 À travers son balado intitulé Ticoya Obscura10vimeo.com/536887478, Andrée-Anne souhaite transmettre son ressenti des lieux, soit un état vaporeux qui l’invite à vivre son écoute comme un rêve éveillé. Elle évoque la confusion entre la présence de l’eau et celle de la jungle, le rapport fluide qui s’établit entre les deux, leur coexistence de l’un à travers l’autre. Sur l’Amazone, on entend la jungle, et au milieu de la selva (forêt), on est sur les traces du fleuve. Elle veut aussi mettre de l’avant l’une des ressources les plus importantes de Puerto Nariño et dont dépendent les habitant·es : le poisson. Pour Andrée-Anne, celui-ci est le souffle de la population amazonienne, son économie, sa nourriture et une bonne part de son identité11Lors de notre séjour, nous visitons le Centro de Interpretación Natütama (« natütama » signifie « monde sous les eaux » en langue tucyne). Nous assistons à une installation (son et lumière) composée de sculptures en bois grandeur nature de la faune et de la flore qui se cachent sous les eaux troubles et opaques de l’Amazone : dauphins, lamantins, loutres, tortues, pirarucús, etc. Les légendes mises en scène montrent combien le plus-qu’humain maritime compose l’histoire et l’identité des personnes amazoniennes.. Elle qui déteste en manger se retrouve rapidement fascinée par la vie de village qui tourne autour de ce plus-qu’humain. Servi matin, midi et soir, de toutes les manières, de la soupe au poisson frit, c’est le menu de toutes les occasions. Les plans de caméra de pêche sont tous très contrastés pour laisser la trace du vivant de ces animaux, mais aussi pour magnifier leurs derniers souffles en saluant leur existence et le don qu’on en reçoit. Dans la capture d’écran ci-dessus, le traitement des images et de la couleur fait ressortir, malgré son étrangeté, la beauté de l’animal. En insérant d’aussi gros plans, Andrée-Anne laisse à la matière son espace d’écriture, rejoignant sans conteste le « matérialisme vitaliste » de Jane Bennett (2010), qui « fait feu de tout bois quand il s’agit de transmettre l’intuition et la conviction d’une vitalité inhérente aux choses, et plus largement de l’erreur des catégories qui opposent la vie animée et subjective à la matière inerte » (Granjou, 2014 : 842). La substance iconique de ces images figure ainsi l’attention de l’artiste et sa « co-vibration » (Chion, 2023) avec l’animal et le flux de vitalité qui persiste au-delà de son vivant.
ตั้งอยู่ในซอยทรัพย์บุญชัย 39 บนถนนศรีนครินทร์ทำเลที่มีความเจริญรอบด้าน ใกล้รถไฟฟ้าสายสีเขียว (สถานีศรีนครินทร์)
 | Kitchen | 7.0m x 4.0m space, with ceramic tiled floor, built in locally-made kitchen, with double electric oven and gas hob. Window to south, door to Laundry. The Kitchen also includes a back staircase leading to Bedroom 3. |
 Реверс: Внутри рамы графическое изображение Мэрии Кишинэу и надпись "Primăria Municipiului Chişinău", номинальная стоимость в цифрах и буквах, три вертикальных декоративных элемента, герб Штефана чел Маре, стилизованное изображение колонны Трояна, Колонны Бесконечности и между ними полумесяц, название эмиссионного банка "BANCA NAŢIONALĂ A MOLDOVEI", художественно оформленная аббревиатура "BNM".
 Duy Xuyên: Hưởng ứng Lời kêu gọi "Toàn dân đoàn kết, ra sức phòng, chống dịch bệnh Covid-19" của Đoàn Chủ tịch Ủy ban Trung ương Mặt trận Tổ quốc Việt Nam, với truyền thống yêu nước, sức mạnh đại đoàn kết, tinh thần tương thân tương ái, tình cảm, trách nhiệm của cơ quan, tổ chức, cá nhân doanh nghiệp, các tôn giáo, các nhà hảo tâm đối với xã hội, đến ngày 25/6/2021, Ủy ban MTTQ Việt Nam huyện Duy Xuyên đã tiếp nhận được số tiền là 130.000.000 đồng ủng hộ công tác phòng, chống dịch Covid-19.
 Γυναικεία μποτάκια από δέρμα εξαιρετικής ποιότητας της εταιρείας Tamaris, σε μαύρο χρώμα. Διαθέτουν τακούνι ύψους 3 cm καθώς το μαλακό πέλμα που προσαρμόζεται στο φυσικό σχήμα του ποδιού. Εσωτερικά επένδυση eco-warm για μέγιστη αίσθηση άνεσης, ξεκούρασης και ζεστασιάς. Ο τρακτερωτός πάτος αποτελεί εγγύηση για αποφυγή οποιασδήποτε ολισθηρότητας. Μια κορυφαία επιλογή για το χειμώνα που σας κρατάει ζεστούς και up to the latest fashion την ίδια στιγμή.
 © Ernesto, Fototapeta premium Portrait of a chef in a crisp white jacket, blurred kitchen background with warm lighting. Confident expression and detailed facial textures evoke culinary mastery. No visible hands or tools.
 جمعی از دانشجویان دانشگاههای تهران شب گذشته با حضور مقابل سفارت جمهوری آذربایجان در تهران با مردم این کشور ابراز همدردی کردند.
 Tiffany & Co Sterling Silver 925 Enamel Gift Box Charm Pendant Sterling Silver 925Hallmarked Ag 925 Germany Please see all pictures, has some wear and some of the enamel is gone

> [What the task requires]: The records are to be duplicated in full, with every word kept exactly.

> [Reply]:
 À travers son balado intitulé Ticoya Obscura10vimeo.com/536887478, Andrée-Anne souhaite transmettre son ressenti des lieux, soit un état vaporeux qui l’invite à vivre son écoute comme un rêve éveillé. Elle évoque la confusion entre la présence de l’eau et celle de la jungle, le rapport fluide qui s’établit entre les deux, leur coexistence de l’un à travers l’autre. Sur l’Amazone, on entend la jungle, et au milieu de la selva (forêt), on est sur les traces du fleuve. Elle veut aussi mettre de l’avant l’une des ressources les plus importantes de Puerto Nariño et dont dépendent les habitant·es : le poisson. Pour Andrée-Anne, celui-ci est le souffle de la population amazonienne, son économie, sa nourriture et une bonne part de son identité11Lors de notre séjour, nous visitons le Centro de Interpretación Natütama (« natütama » signifie « monde sous les eaux » en langue tucyne). Nous assistons à une installation (son et lumière) composée de sculptures en bois grandeur nature de la faune et de la flore qui se cachent sous les eaux troubles et opaques de l’Amazone : dauphins, lamantins, loutres, tortues, pirarucús, etc. Les légendes mises en scène montrent combien le plus-qu’humain maritime compose l’histoire et l’identité des personnes amazoniennes.. Elle qui déteste en manger se retrouve rapidement fascinée par la vie de village qui tourne autour de ce plus-qu’humain. Servi matin, midi et soir, de toutes les manières, de la soupe au poisson frit, c’est le menu de toutes les occasions. Les plans de caméra de pêche sont tous très contrastés pour laisser la trace du vivant de ces animaux, mais aussi pour magnifier leurs derniers souffles en saluant leur existence et le don qu’on en reçoit. Dans la capture d’écran ci-dessus, le traitement des images et de la couleur fait ressortir, malgré son étrangeté, la beauté de l’animal. En insérant d’aussi gros plans, Andrée-Anne laisse à la matière son espace d’écriture, rejoignant sans conteste le « matérialisme vitaliste » de Jane Bennett (2010), qui « fait feu de tout bois quand il s’agit de transmettre l’intuition et la conviction d’une vitalité inhérente aux choses, et plus largement de l’erreur des catégories qui opposent la vie animée et subjective à la matière inerte » (Granjou, 2014 : 842). La substance iconique de ces images figure ainsi l’attention de l’artiste et sa « co-vibration » (Chion, 2023) avec l’animal et le flux de vitalité qui persiste au-delà de son vivant.
ตั้งอยู่ในซอยทรัพย์บุญชัย 39 บนถนนศรีนครินทร์ทำเลที่มีความเจริญรอบด้าน ใกล้รถไฟฟ้าสายสีเขียว (สถานีศรีนครินทร์)
 | Kitchen | 7.0m x 4.0m space, with ceramic tiled floor, built in locally-made kitchen, with double electric oven and gas hob. Window to south, door to Laundry. The Kitchen also includes a back staircase leading to Bedroom 3. |
 Реверс: Внутри рамы графическое изображение Мэрии Кишинэу и надпись "Primăria Municipiului Chişinău", номинальная стоимость в цифрах и буквах, три вертикальных декоративных элемента, герб Штефана чел Маре, стилизованное изображение колонны Трояна, Колонны Бесконечности и между ними полумесяц, название эмиссионного банка "BANCA NAŢIONALĂ A MOLDOVEI", художественно оформленная аббревиатура "BNM".
 Duy Xuyên: Hưởng ứng Lời kêu gọi "Toàn dân đoàn kết, ra sức phòng, chống dịch bệnh Covid-19" của Đoàn Chủ tịch Ủy ban Trung ương Mặt trận Tổ quốc Việt Nam, với truyền thống yêu nước, sức mạnh đại đoàn kết, tinh thần tương thân tương ái, tình cảm, trách nhiệm của cơ quan, tổ chức, cá nhân doanh nghiệp, các tôn giáo, các nhà hảo tâm đối với xã hội, đến ngày 25/6/2021, Ủy ban MTTQ Việt Nam huyện Duy Xuyên đã tiếp nhận được số tiền là 130.000.000 đồng ủng hộ công tác phòng, chống dịch Covid-19.
 Γυναικεία μποτάκια από δέρμα εξαιρετικής ποιότητας της εταιρείας Tamaris, σε μαύρο χρώμα. Διαθέτουν τακούνι ύψους 3 cm καθώς το μαλακό πέλμα που προσαρμόζεται στο φυσικό σχήμα του ποδιού. Εσωτερικά επένδυση eco-warm για μέγιστη αίσθηση άνεσης, ξεκούρασης και ζεστασιάς. Ο τρακτερωτός πάτος αποτελεί εγγύηση για αποφυγή οποιασδήποτε ολισθηρότητας. Μια κορυφαία επιλογή για το χειμώνα που σας κρατάει ζεστούς και up to the latest fashion την ίδια στιγμή.
 © Ernesto, Fototapeta premium Portrait of a chef in a crisp white jacket, blurred kitchen background with warm lighting. Confident expression and detailed facial textures evoke culinary mastery. No visible hands or tools.
 جمعی از دانشجویان دانشگاههای تهران شب گذشته با حضور مقابل سفارت جمهوری آذربایجان در تهران با مردم این کشور ابراز همدردی کردند.
 Tiffany & Co Sterling Silver 925 Enamel Gift Box Charm Pendant Sterling Silver 925Hallmarked Ag 925 Germany Please see all pictures, has some wear and some of the enamel is gone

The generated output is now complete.